Скоро приехало, как мы поняли, начальство и с ним крытая машина с солдатами и собаками. Нас подняли, построили и приказали раздеться догола. Толстый немец в форме, видимо, главный у них, пошел вдоль строя, палкой показывая на слабых и калеченых. Этих несчастных вытаскивали, отводили в сторону к большой яме и тут же убивали выстрелом в затылок. Скоро ямы заполнилась трупами. Привезли лопаты и заставили нас закопать эту ужасную братскую могилу. Я видел, сверху лежал водитель нашего газика из санитарного батальона… Беленький такой паренек. Пуля через затылок вышла у него через глаз. А второй глядел в небо, словно разглядывал там чего-то нам недоступное. Ему было, как и мне, девятнадцать лет…

— Не видать тебя, думаю, парень, мамке с батькой… Не видать.

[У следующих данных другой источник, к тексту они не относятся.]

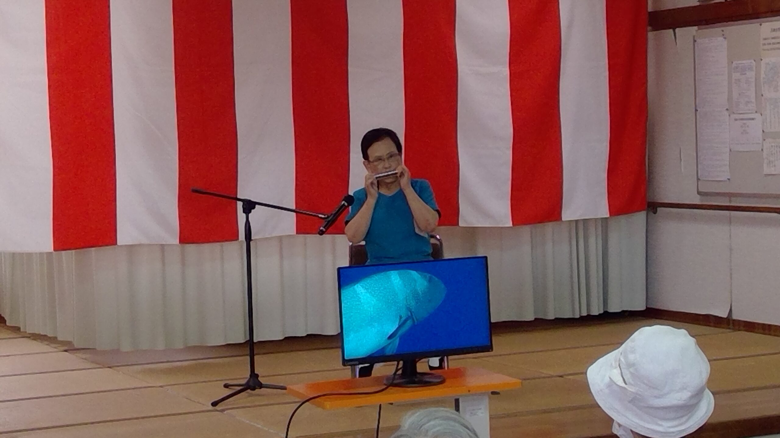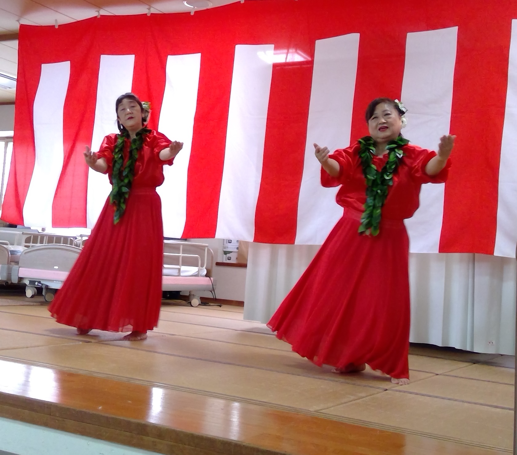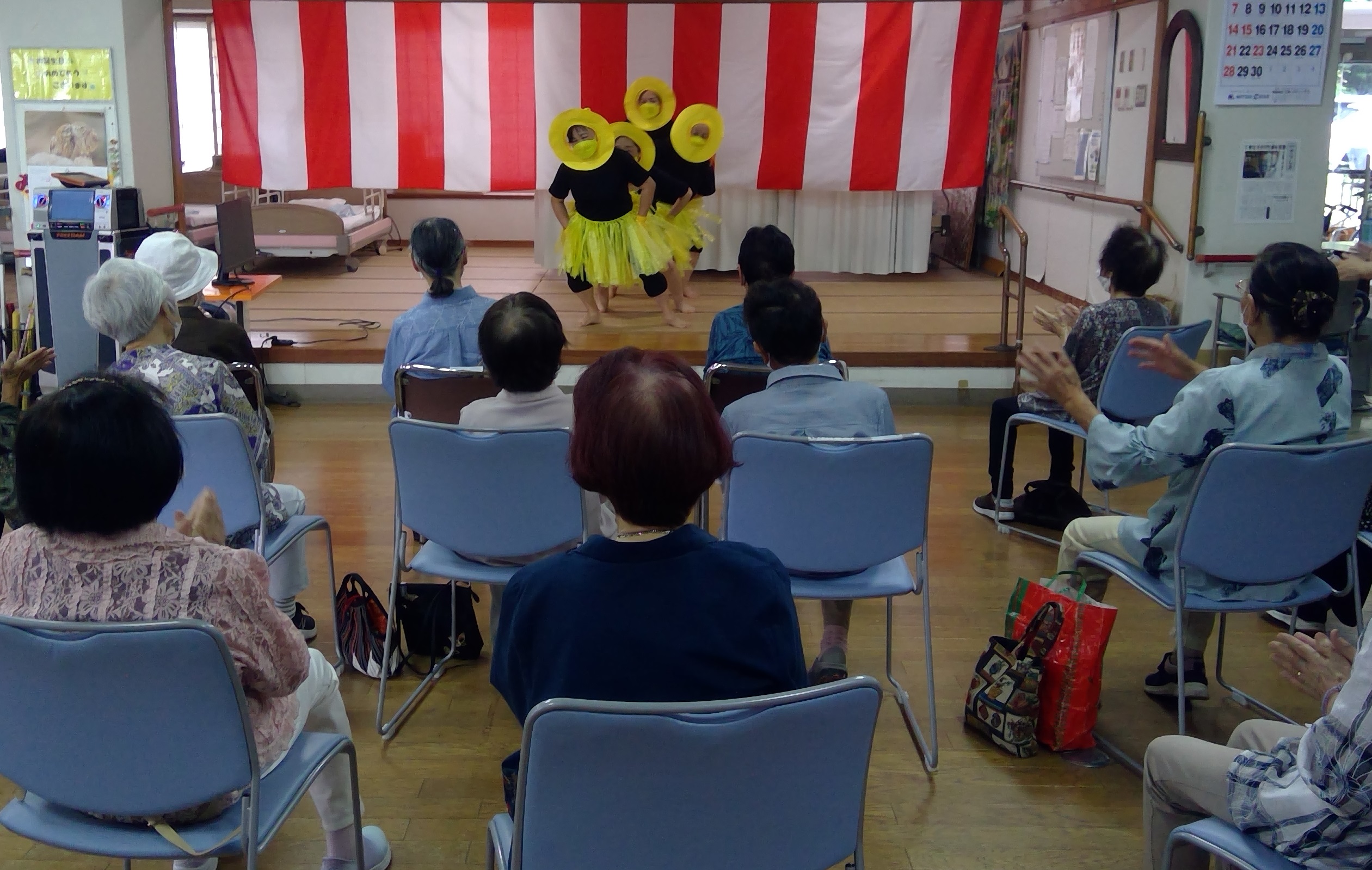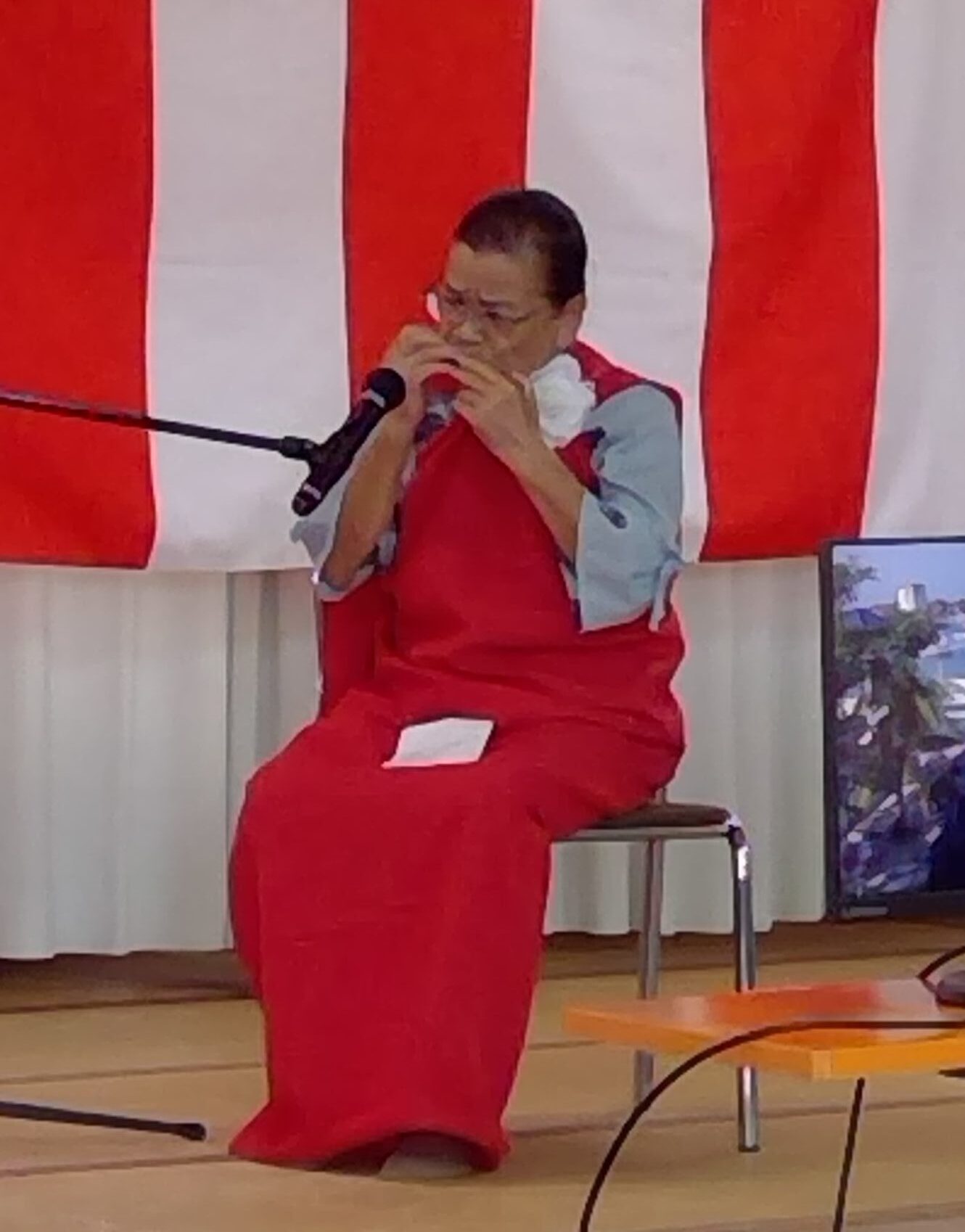 敬老会は、参加者によるハーモニカ演奏、職員による踊りの披露、参加者・職員を交えたカラオケ大会等のプログラムが行われ、参加者も職員も身振り手振りを交え、時には一緒に歌うなどしながら、大いに楽しんでいました。会の終わりには、敬老祝いとして、紅白まんじゅうが参加者に贈られました。

А вот что нам предстоит еще перенести?

В ворота заехала машина с брандсбойдом, окатила водой и погнали нас голых за ворота на тракт.

По дороге ехали в машинах и на мотоциклах немцы, они показывали на нас пальцами, фотографировали и ухохатывались…

— Русишьзолдатен, гуд зольдатен! — кричали они и показывали пальцами на нас.

Это был край унижения. В груди у меня рождалось чувство сродни бешенству: желание броситься на конвоиров и зубами перегрызать им глотки.

И только остатки здравого смысла удерживали от верной смерти, которая ждала тебя при первом движении в сторону.

Помню, я шел и скрипел от ярости зубами так, что они крошились в песок…

— Веселитесь, гады, — твердил я себе. — Еще не вечер. Мы еще поднимемся и пересчитаем ваши зубы.

К обеду нас пригнали на железнодорожную станцию, где уже стояли телячьи вагоны. И так, голых, они стали загонять нас в вагоны, набивая битком так, что в них можно было только стоять.

Я понял, они унижали нас, чтобы сломать человеческую гордость и превратить в рабов там, в культурной и цивилизованной Европе.

Мы ехали ухоженной Европой, которая не знала войны, какая пришла в Россию. Ехали, как оскопленный рабочий скот. В городах Германии поезд останавливался, перрон оцепляли и выгоняли нас на волю под аплодисменты, радостные крики и смех горожан.

Столько лет прошло, а ни раны, ни ужасы войны, ни горы трупов, ни смерть товарищей, которых на моих глазах разрывало на части, не бередят душу воспоминаниями так, как это унижение. У меня и сейчас сводит лопатки, когда вспоминаю эти немецкие перроны, аплодисменты и хохот обывателей…

Дядя Леша замолчал.

Мы укладывались уже засветло. Прежде вышли на крыльцо. Мир был свеж и торжественен. Уставшие от любовного безумия заливы за Вихревским двором, угомонились, наконец, и набухали исторгнутыми семенами жизни…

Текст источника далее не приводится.